- [THE TASK]
The whole listing should be retyped word for word, apart from the pictures it holds.

- [RAW DATA]
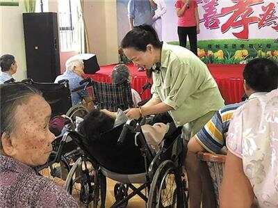 戒毒后的温月(图中黄衣服者)参加社工担任志愿者,热心地帮助他人 |
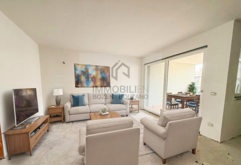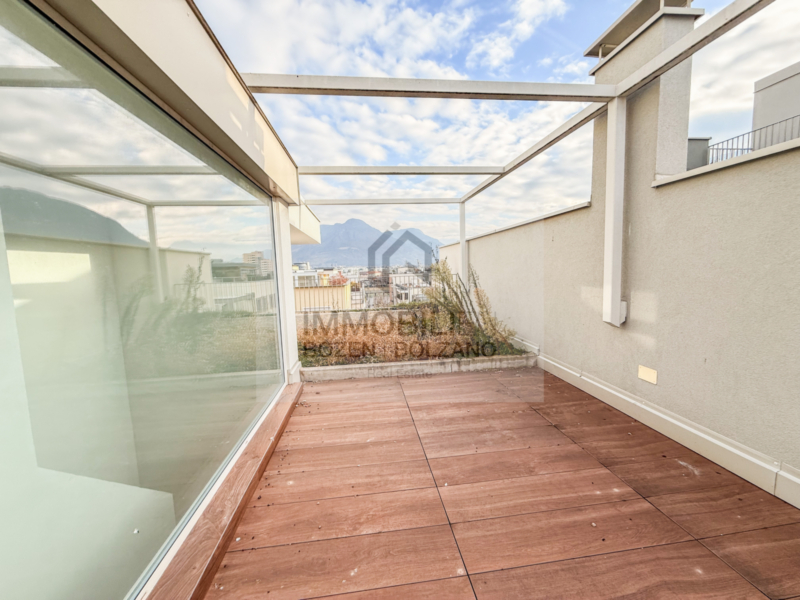 A Firmiano è in vendita questo esclusivo bilocale di nuova costruzione con classe energetica A. L’immobile è situato al 5° piano di un moderno edificio residenziale e si distingue per l’esposizione est-ovest, che garantisce ambienti luminosi e un elevato comfort abitativo. L’appartamento dispone di una superficie commerciale di circa 82,60 mq e presenta una distribuzione degli spazi ben studiata. L’appartamento dispone di un ingresso, un soggiorno con angolo cottura, un piccolo corridoio, una camera da letto, un bagno finestrato, un ripostiglio e due balconi. Tramite una scala interna si accede inoltre alla terrazza panoramica privata, che offre uno spazio esclusivo all’aperto. Una cantina è inclusa nel prezzo di vendita. Box garage di diverse dimensioni sono disponibili separatamente. L’appartamento è convenzionato, c’è la possibilità di togliere il vincolo.
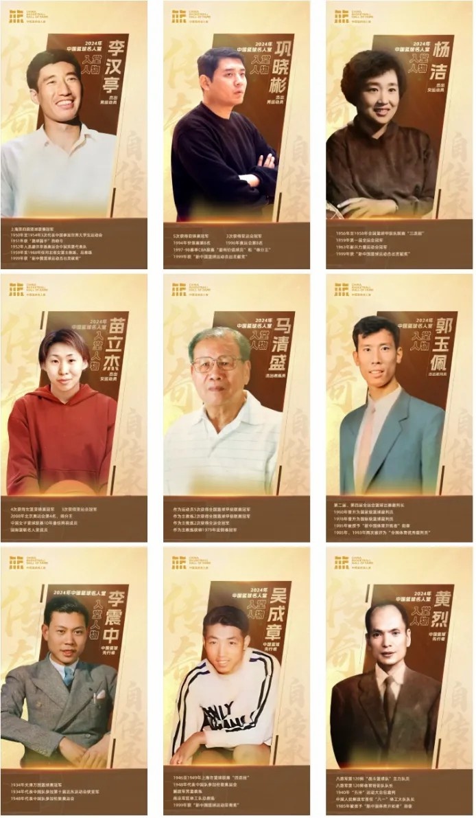 2024年中国篮球名人堂共产生9位入堂人物,杰出男运动员为:李汉亭、巩晓彬;杰出女运动员为:杨洁、苗立杰;杰出教练员为:马清盛;杰出裁判员为:郭玉佩;中国篮球先行者为:李震中、吴成章、黄烈。
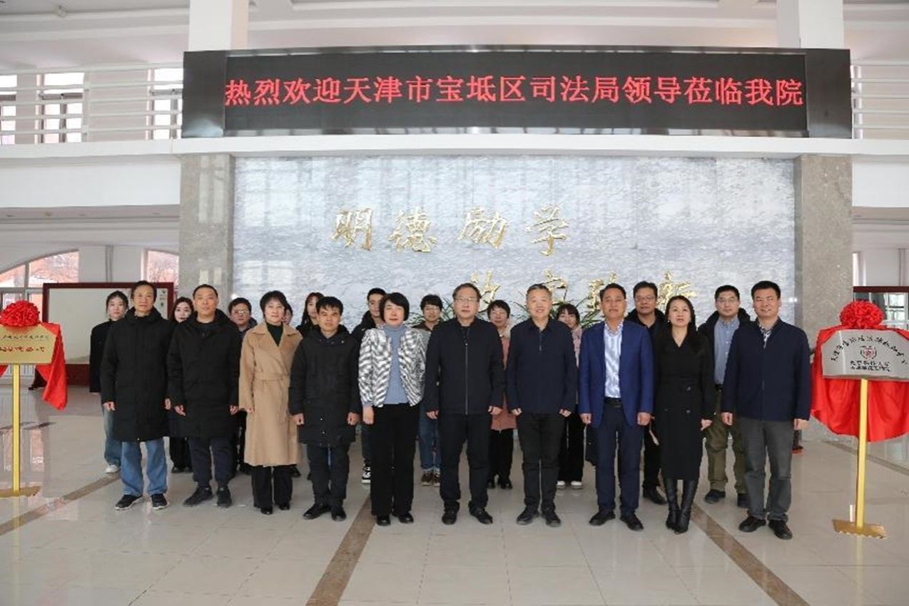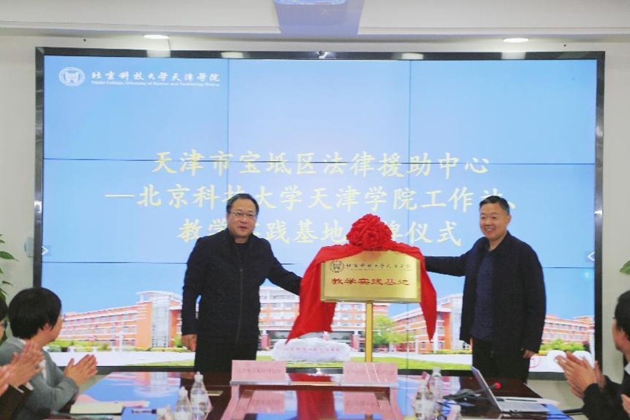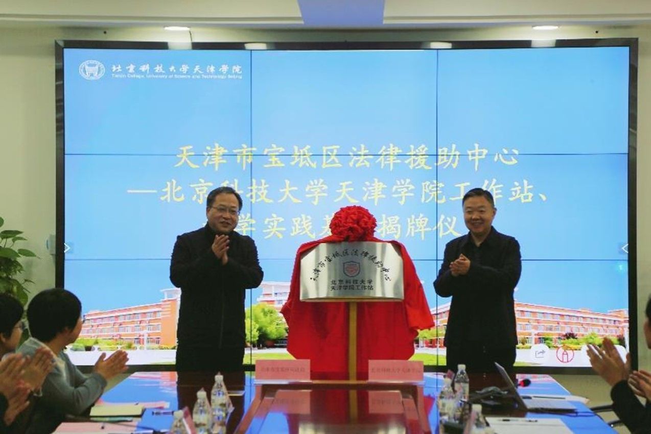 高萬通局長和丁煦生院長共同為“天津市寶坻區(qū)司法局法律援助中心-北京科技大學(xué)天津?qū)W院工作站”、“北京科技大學(xué)天津?qū)W院教學(xué)實踐基地”揭牌。

- [ANSWER SPACE]
 戒毒后的温月(图中黄衣服者)参加社工担任志愿者,热心地帮助他人 |
 A Firmiano è in vendita questo esclusivo bilocale di nuova costruzione con classe energetica A. L’immobile è situato al 5° piano di un moderno edificio residenziale e si distingue per l’esposizione est-ovest, che garantisce ambienti luminosi e un elevato comfort abitativo. L’appartamento dispone di una superficie commerciale di circa 82,60 mq e presenta una distribuzione degli spazi ben studiata. L’appartamento dispone di un ingresso, un soggiorno con angolo cottura, un piccolo corridoio, una camera da letto, un bagno finestrato, un ripostiglio e due balconi. Tramite una scala interna si accede inoltre alla terrazza panoramica privata, che offre uno spazio esclusivo all’aperto. Una cantina è inclusa nel prezzo di vendita. Box garage di diverse dimensioni sono disponibili separatamente. L’appartamento è convenzionato, c’è la possibilità di togliere il vincolo.
 2024年中国篮球名人堂共产生9位入堂人物,杰出男运动员为:李汉亭、巩晓彬;杰出女运动员为:杨洁、苗立杰;杰出教练员为:马清盛;杰出裁判员为:郭玉佩;中国篮球先行者为:李震中、吴成章、黄烈。
 高萬通局長和丁煦生院長共同為“天津市寶坻區(qū)司法局法律援助中心-北京科技大學(xué)天津?qū)W院工作站”、“北京科技大學(xué)天津?qū)W院教學(xué)實踐基地”揭牌。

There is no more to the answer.